The RR for this model at an operational point defined by the n = 1,000 highest-risk patients out of one million patients was 104.7.
The performance of the bag-of-words model and the MLP model for predicting cancer occurrence within 36 months in terms of AUROC were 0.807 and 0.845, respectively. However, compared to Transformer, the RRs for bag-of-words and MLP were much lower (104.7 vs. 2.1 and 26.6).
Data exclusion, i.e., excluding input disease diagnoses from the last three, six, and 12 months before pancreatic cancer diagnoses, decreased the performance for the best models from AUROC of 0.879 to AUROCs of 0.843, 0.829, and 0.827 for three-/six-/12-months.
This analysis indicated that an ML model trained on data from both sources had a positive predictive value (PPV) of 0.32 for the 12-month prediction interval. So, about 320 patients would have eventually developed pancreatic cancer.
While physicians might have identified some cases based on recognized pancreatic cancer risk factors, e.g., chronic pancreatitis, a fraction of these, nearly 70, would still be newly identified per a conservative approximation.
Despite the use of common ICD disease codes and similar cancer survival, the cross-application of the DNPR data to the US-VA data lowered the performance of ML models, raising the need for independent model training across geographical regions to attain regionally optimum model performance.

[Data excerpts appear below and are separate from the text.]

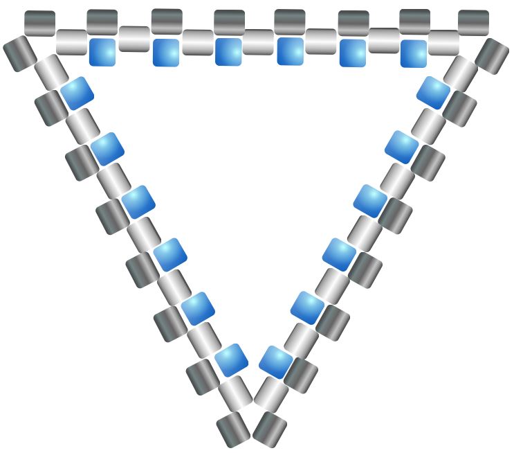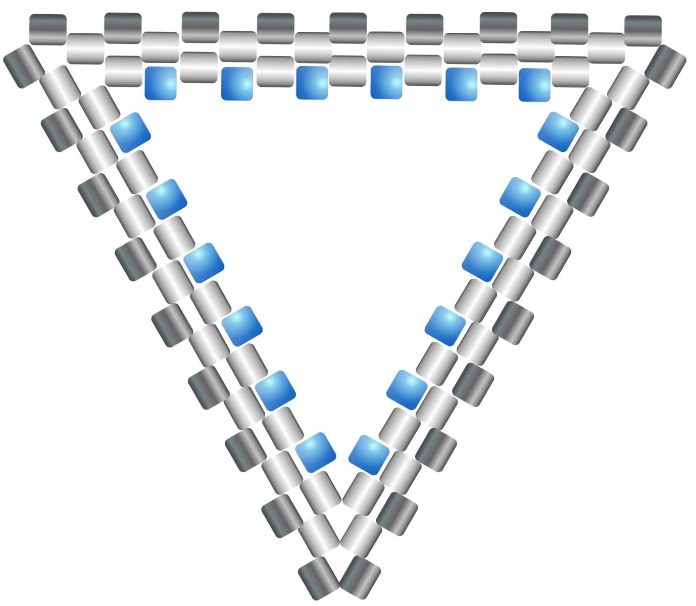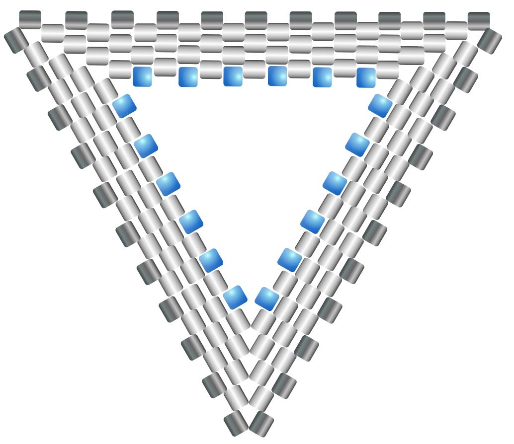 Krok 5 a 6 opakujte stále dokola do požadované velikosti trojúhelníku. Uvidíte, jak se pěkně začal tvořit trojúhelník, postup v rozích je stále stejný (korálky vždy srovnejte tak, aby na sebe pěkně dosedly ve tvaru, jaký je na obrázku). Na stranách trojúhelníku se všívá po jednom korálku a v každé následující řadě je jich o jeden více.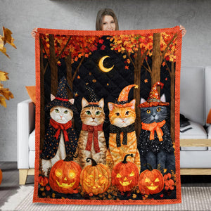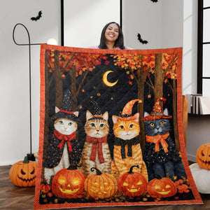 Halloween Cats Quilt Blanket, Witch Cat Throw Blanket, Spooky Season Decor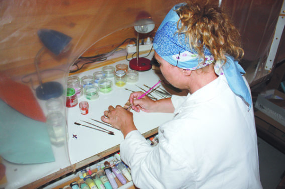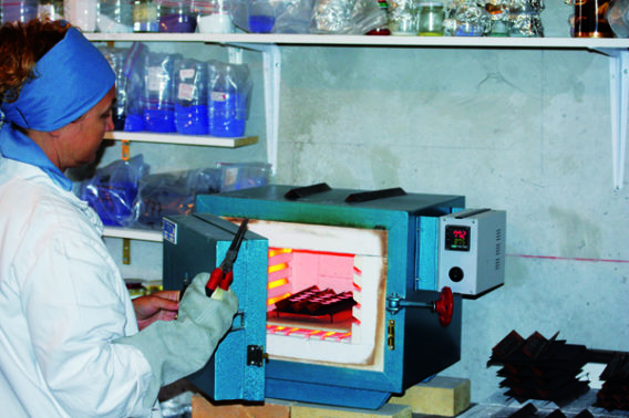 Plusieurs passages au four sont donc nécessaires pour parfaire la finition. Certaines pièces très colorées peuvent subir jusqu’à 8 cuissons différentes… pour faire place ensuite à l’éclatement et à la brillance de l’émail.
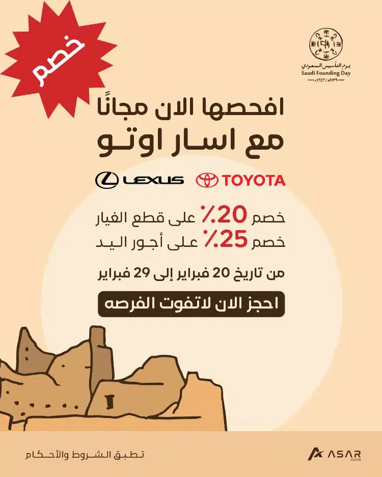 - هذه الباقات صالحة فقط في مركز خدمة ASAR (تويوتا ولكزس) للفترة من 20 فبراير حتى 29 فبراير 2024.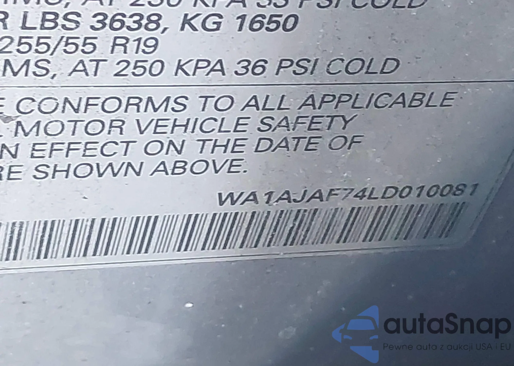 LOT: 44401981 VIN: WA1AJAF74LD010081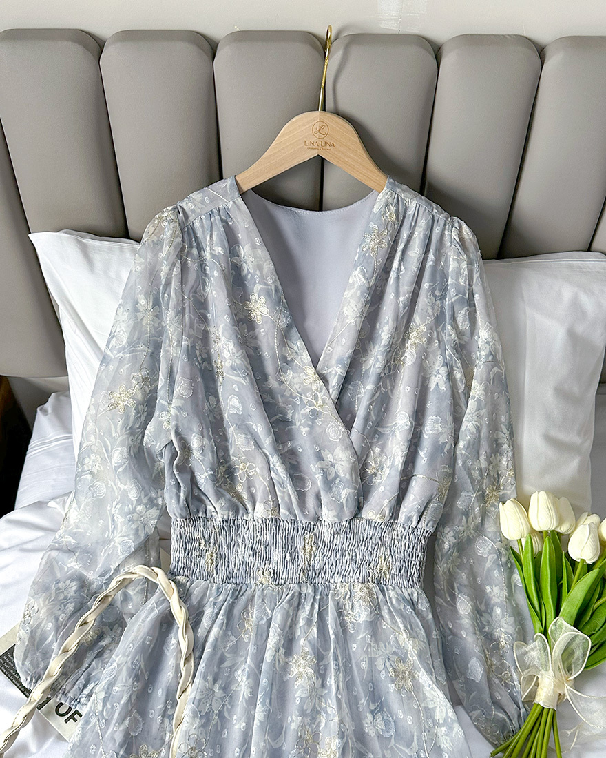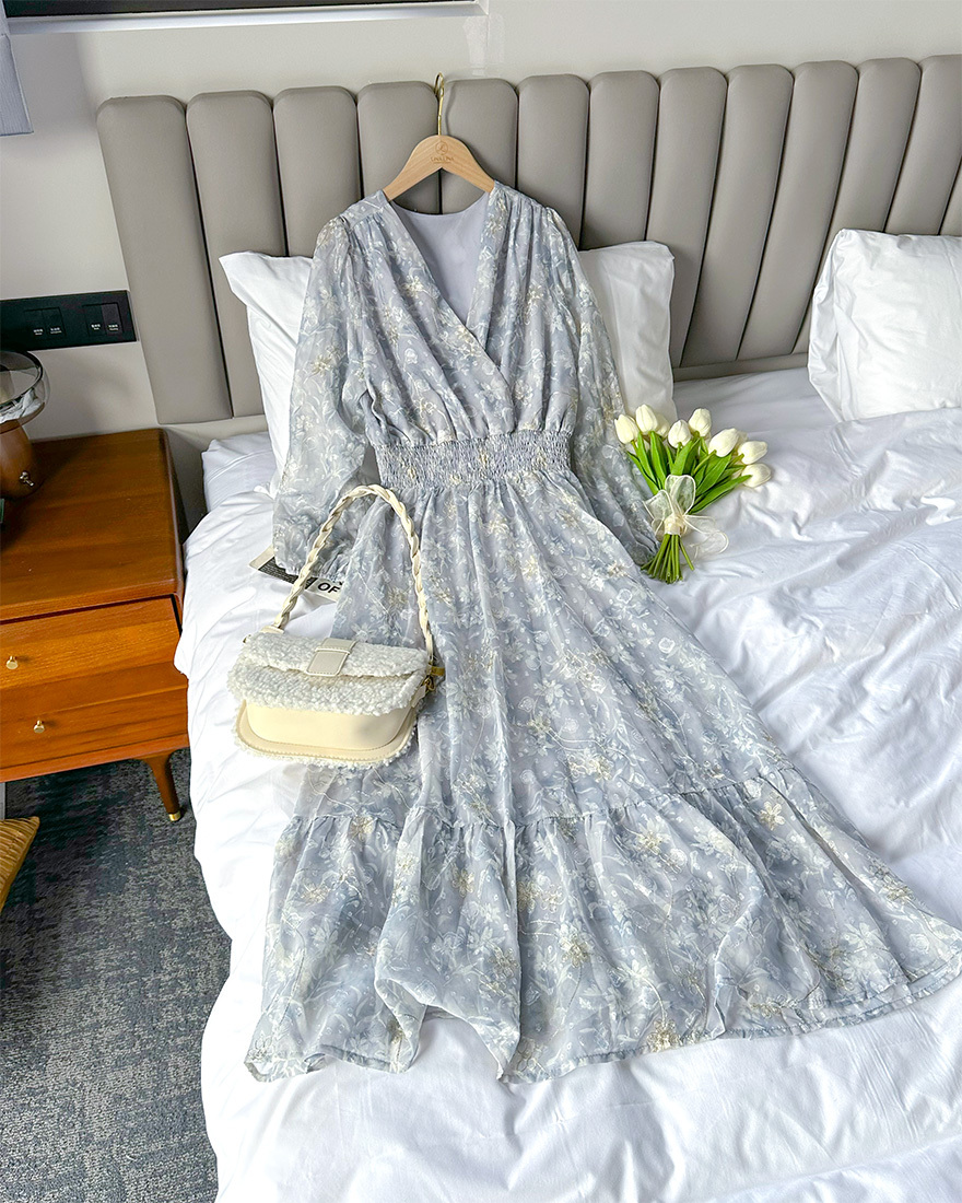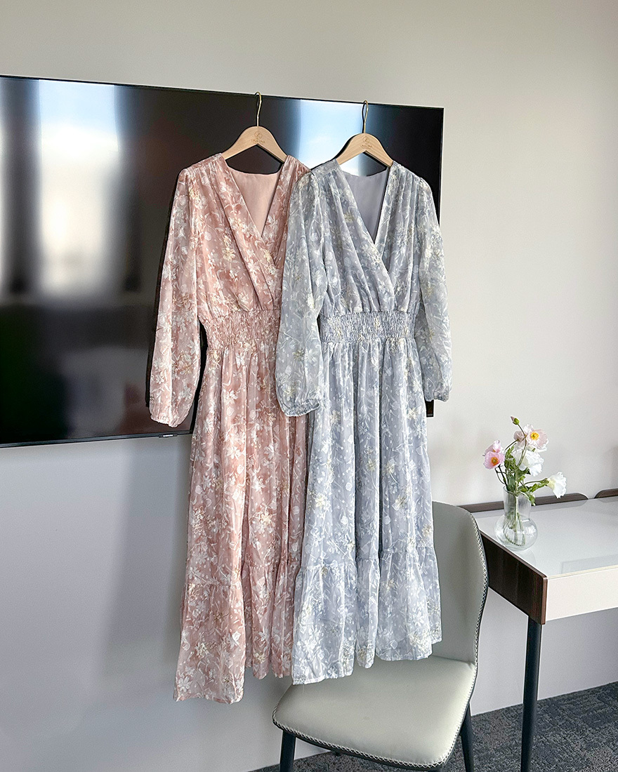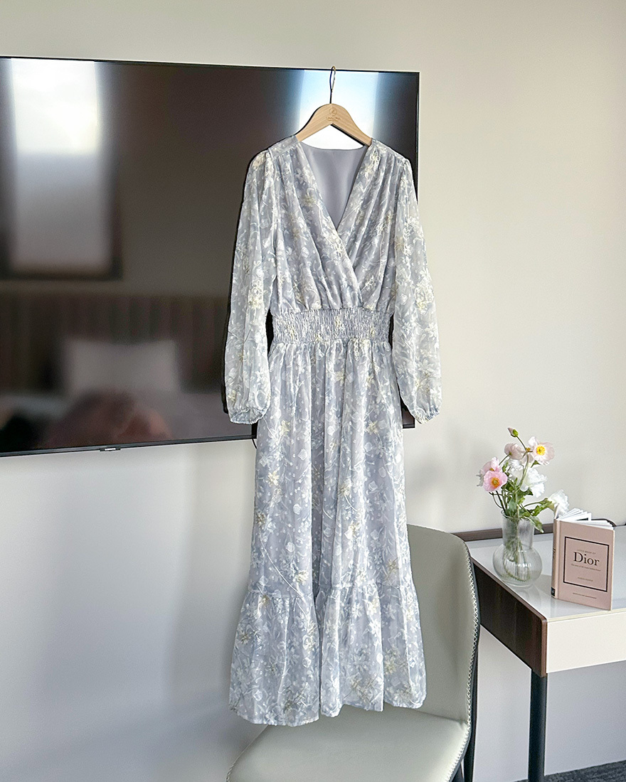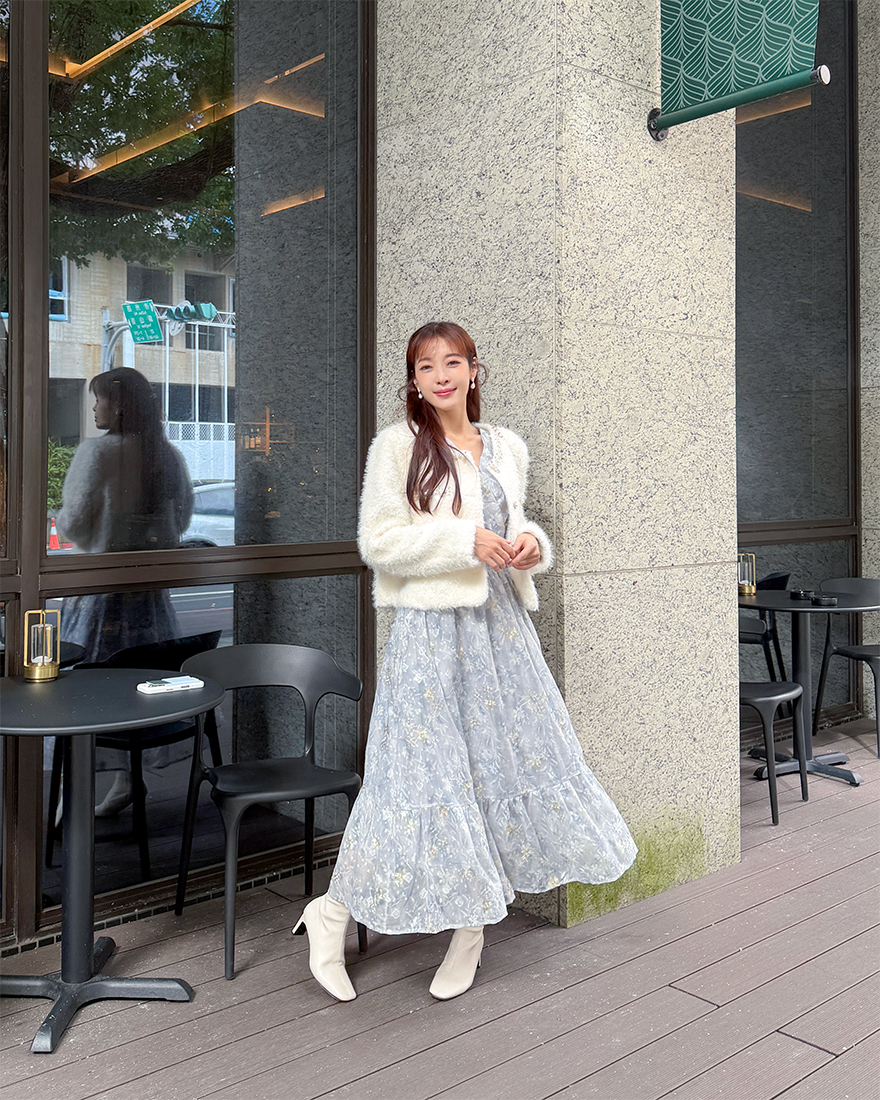 帶點暈染感的雪紡面料佈滿了白色花卉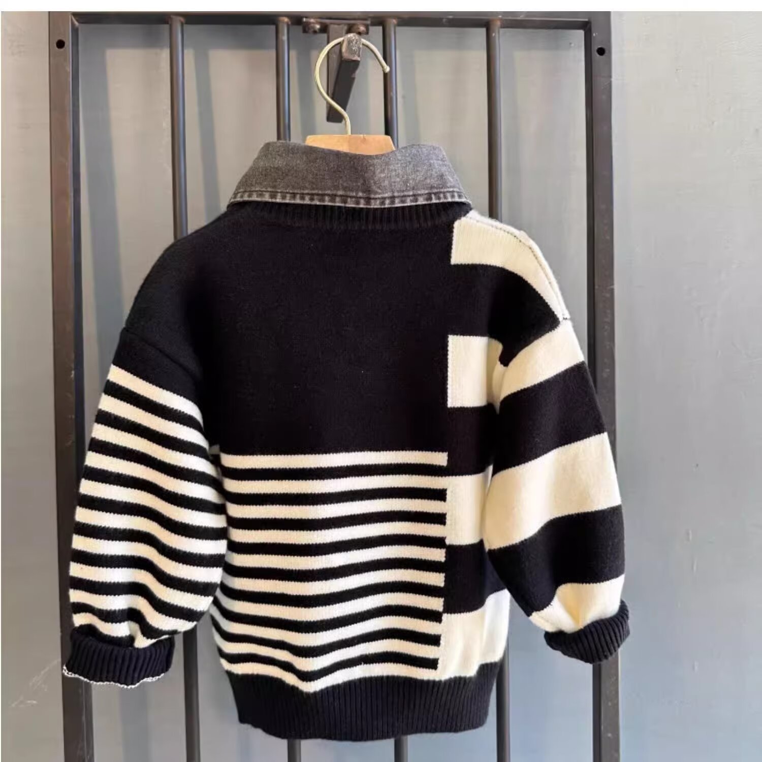 스웨터 소년 가을과 겨울 2024 새로운 홍콩 바람 새로운 따뜻한 스웨터 조수 브랜드 컬러 매칭 셔츠 칼라 헤어 세대
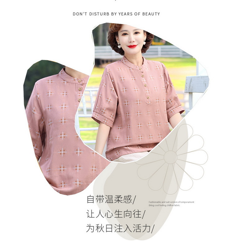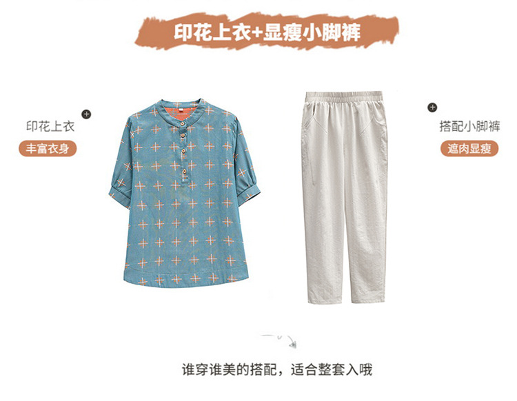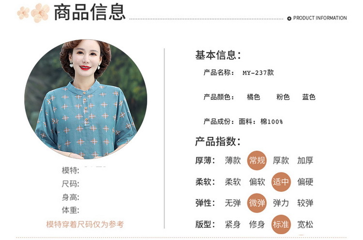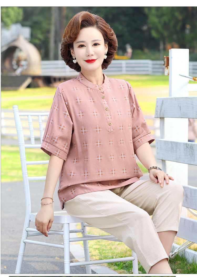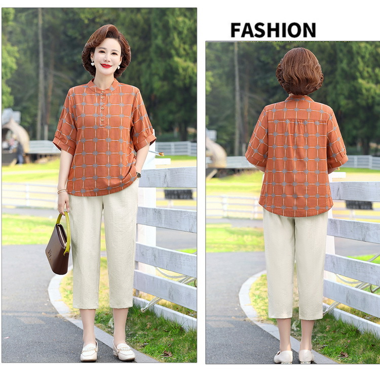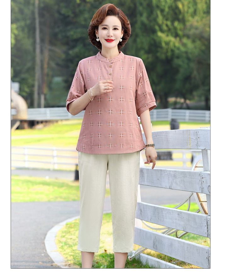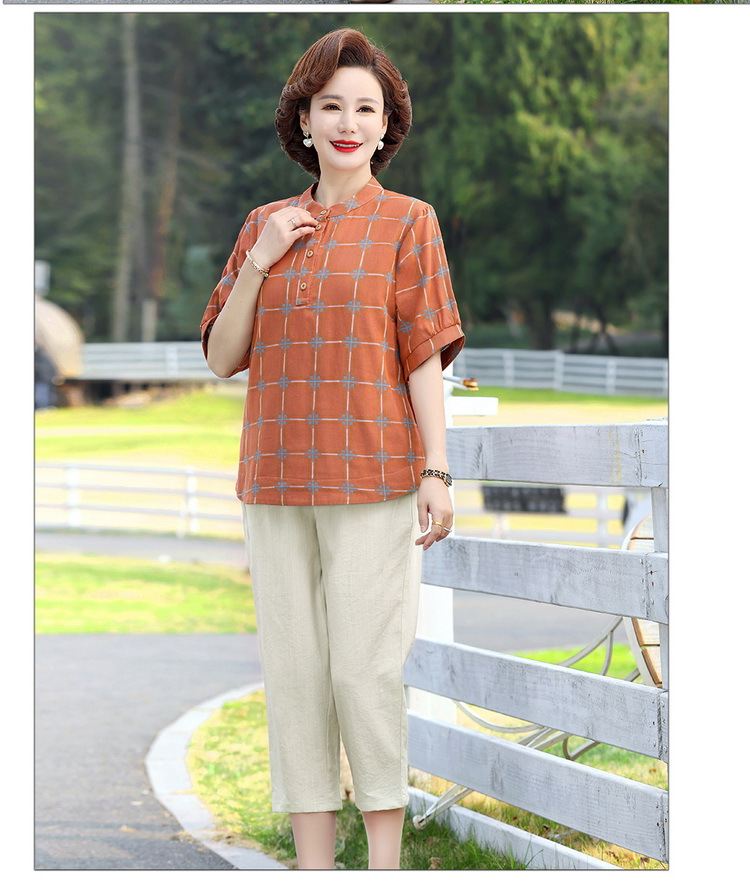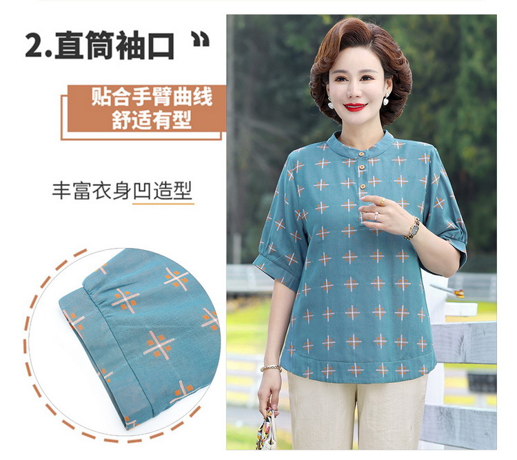 妈妈夏装时尚两件套中年妇女中袖全棉T恤中老年透气纯棉小衫上衣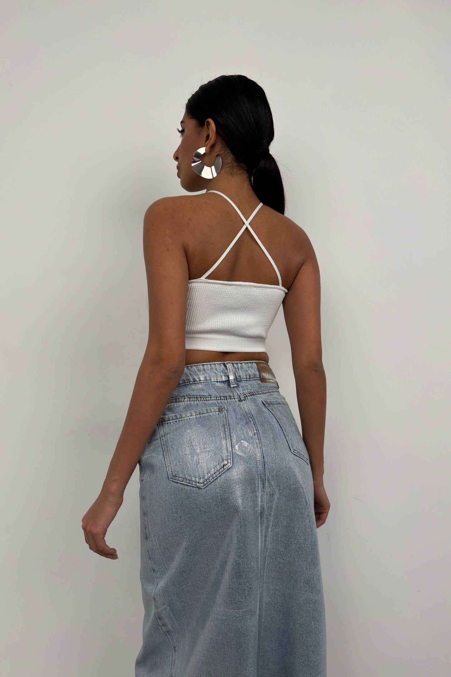 Pencere Detay, İnce Askılı, Fitilli Triko Örgü, Vücuda Yapışan, Crop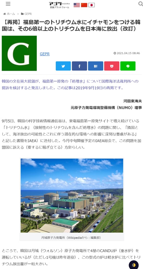 共同通信が取材した「国連特別報告者」は、日本の処理水よりトリチウム量が多い全世界の原発施設を「即時閉鎖せよ」と主張しているのか?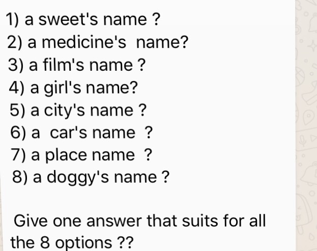 Solved A Sweet S Name A Medicine S Name A Film S Name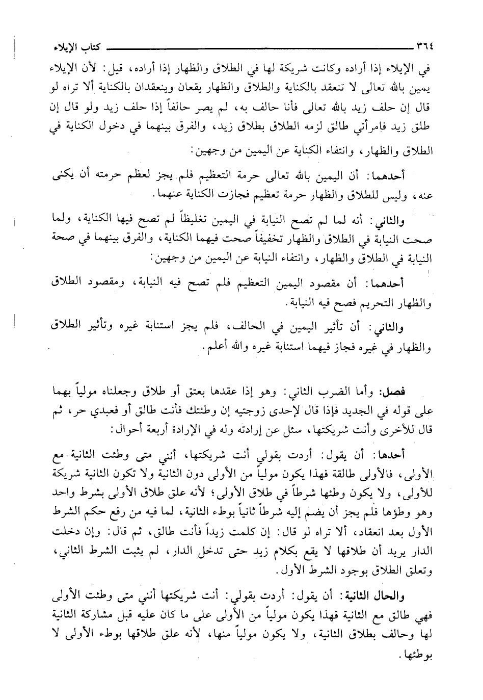 فِي الْإِيلَاءِ إِذَا أَرَادَهُ وَكَانَتْ شَرِيكَةً لَهَا فِي الطَّلَاقِ وَالظِّهَارِ إِذَا أَرَادَهُ، قِيلَ: لِأَنَّ الْإِيلَاءَ يَمِينٌ بِاللَّهِ تَعَالَى لَا تَنْعَقِدُ بِالْكِنَايَةِ وَالطَّلَاقُ وَالظِّهَارُ يَقَعَانِ وَيَنْعَقِدَانِ بِالْكِنَايَةِ أَلَا تَرَاهُ لَوْ قَالَ إِنْ حَلَفَ زَيْدٌ بِاللَّهِ تَعَالَى فَأَنَا حَالِفٌ بِهِ، لَمْ يَصِرْ حَالِفًا إِذَا حَلَفَ زَيْدٌ وَلَوْ قَالَ إِنْ طَلَّقَ زَيْدٌ فَامْرَأَتِي طَالِقٌ لَزِمَهُ الطَّلَاقُ بِطَلَاقِ زَيْدٍ، وَالْفَرْقُ بَيْنَهُمَا فِي دُخُولِ الْكِنَايَةِ فِي الطَّلَاقِ وَالظِّهَارِ، وَانْتِفَاءِ الْكِنَايَةِ عَنِ الْيَمِينِ مِنْ وَجْهَيْنِ: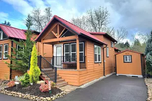 Escape to this peaceful gem backing Rogers Creek, where vaulted ceilings, granite countertops, and a custom coffee bar shine in a cozy, modern layout. Relax on dual decks or the paved patio, steps from the creek's soothing sounds. With vinyl plank flooring, a walk-in shower, shallow steps for easy access, and two storage sheds, it's built for comfort and convenience. Nestled in a vibrant community with a pool, walking trails, fishing lake, club house, fitness center and more. Park rent $992/mo. Includes W/S/G. Near I-5, wineries, and shopping. Don't Miss This Tiny Gem-Call Now!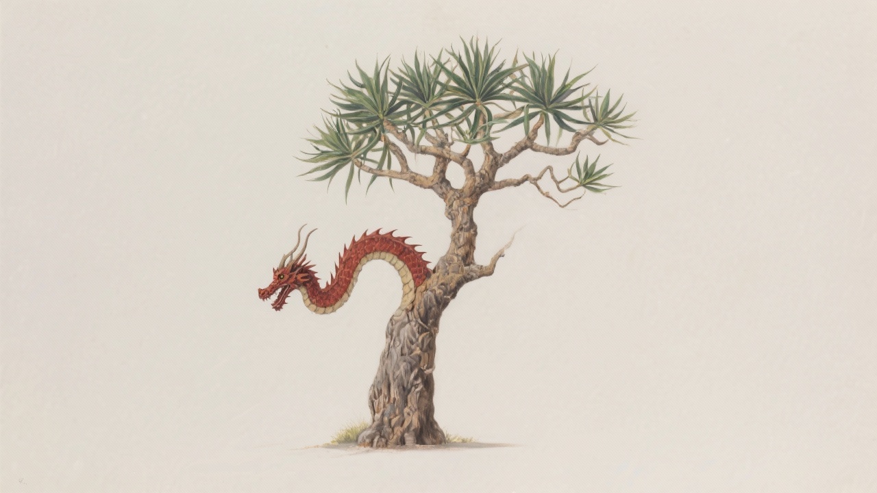 Prompt: a painting of a dragon tree, Dracaena draco (Canary Islands), Dracaena cinnabari (Socotra), on a completely blank plain background.

However, an ideal scenario for a multi-institutional collaboration to attain a globally relevant set of prediction rules would require federated learning across different healthcare systems.
Conclusions
The prediction accuracy of ML-based models described in this study could improve with the accessibility of data beyond disease codes, e.g., observations written in clinical notes, laboratory results, and genetic profiles of more people or health-related information from their wearable devices.
Then, clinical implementation of early diagnosis of pancreatic cancer would require the identification of high-risk patients.
Since those at the highest risk is a smaller subset of a large population screened computationally, costly and refined clinical screening and intervention programs will be limited to a few patients.
Nonetheless, AI on clinical records from the real world could potentially shift the focus from late-stage treatment to early-stage cancer treatment, which, in turn, would substantially improve all patients’ quality of life while increasing the benefit-to-cost ratio of cancer care.